The American Association for Clinical Chemistry (AACC) will host the Webinar “Making Smart Choices in Sample Handling and Processing: Preparing High-Quality Blood Specimens” on September 21 at 2:00pm Eastern. The webinar will last 90 minutes.
With laboratories under pressure to reduce costs by streamlining work processes, sample handling and preparation should be a prime target for improvement. There are several major considerations in this area. Does the laboratory accept serum samples, plasma or both? What types of specimens are used to validate molecular testing? And how does the laboratory manage hemolyzed samples?
The answers to these questions reflect choices that are made in the laboratory during a critical phase of the testing process—sample handling, preparation, and processing. Making smart choices during this phase of testing can increase efficiency and reduce error rates in the pre-analytical phase of testing: estimated to constitute as much as 50% of the errors made during the laboratory testing process.
The Webinar will explain how the laboratory can make those smart choices in the sample handling process, covering topics including the factors involved in producing high-quality blood specimens, reducing or managing hemolysis, using the right sample matrix (plasma vs. serum), and understanding the nuances involved in the sample handling and processing of molecular testing technologies.

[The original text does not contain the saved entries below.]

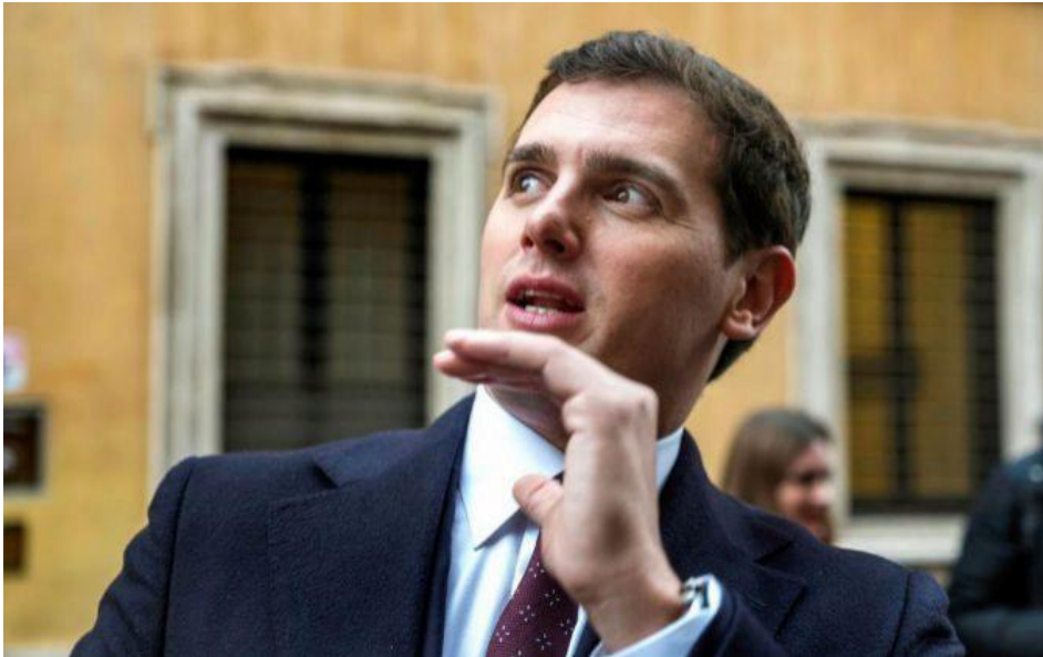
El presidente de Ciudadanos Albert Rivera.
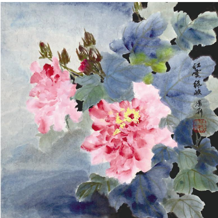
潘莉莉《红露碧波》纸本设色 50cmx50cm 2026年
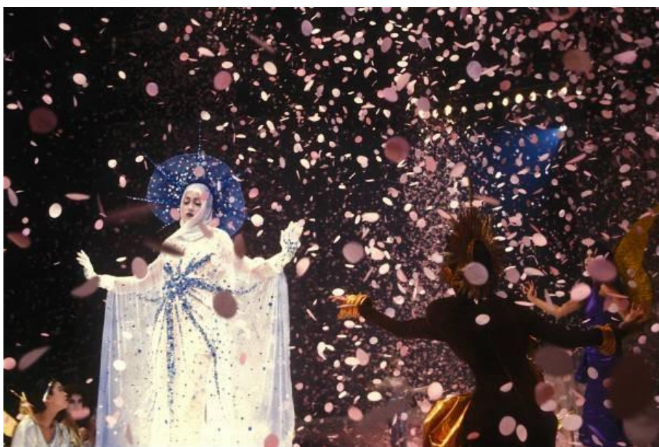
Sl. 9. Thierry Mugler, "The Winter of the Angels", 1984.

ga u šumsku oazu. Standard za maštovite revije je postavljen 1984./1985. godine kada je Thierry Mugler prikazao svoju kolekciju za jesen/zimu iste godine. Thierry Mugler je želio rekonstruirati djevičansko rođenje na modnoj pisti punoj opatica, a finalni dio revije je bio kada je model sišao s neba u oblaku dima uz puno ružičastih konfeta. Mnogi su Muglera kritizirali da je njegova odjeća u potpunosti zasjenjena, ali su ubrzo nakon toga spektakularne revije, baš poput njegove, postale pravilo a ne iznimka.
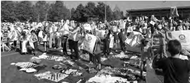
Mit 1459 Teilnehmern wurde der bisherige Schachlektion-Weltrekord in Muttenz klar übertroffen.
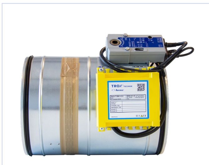
Fig.1, Brannspjeld påmontert ZX01/ZX02- Aurasafe

Eksempler på FKRS/FKR med påmontert spjeldmodul kan du se nedenfor:
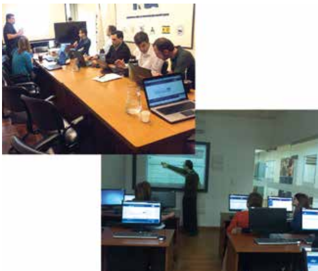
Figura 2 - Equipo técnico EMBRAPA-INIA.

Este proyecto enmarcado en la cooperación técnica internacional entre ambas instituciones, ha sido el comienzo de trabajos compartidos por lo cual es de gran importancia para la promoción de intercambio de conocimiento y experiencias interinstitucionales en materia de gestión documental, el fortalecimiento, normalización y difusión de información técnica y científica de las Bibliotecas INIA en su proceso de automatización.
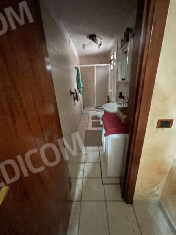
Figura 21. LOTTO UNICO: Immobile pignorato al F. 8, P.Illa 3929, Sub. 2 ubicato in San Ferdinando di Puglia (BT) alla Via V. Bachelet n. 2 (bagno ricavato al piano primo sottostrada in corrispondenza della particella 3398 non pignorata proprietà degli esecutati).

During this webinar, the expert panel will explain what laboratories can do to better understand the nuances of sample handling and preparation, as well as improve the quality of specimens before they are analyzed. In addition, the webinar will outline what is new in the expanded and updated version of the Clinical Laboratory Standards Institute’s (CLSI) H18-A4—Procedures for the Handling and Processing of Blood Specimens for Common Laboratory Tests; Approved Guideline—Fourth Edition (published in late 2010). The Chair of the committee that wrote the document will discuss how laboratories can use its extensive hemolysis table to determine how hemolysis affects certain analytes and highlight other valuable information.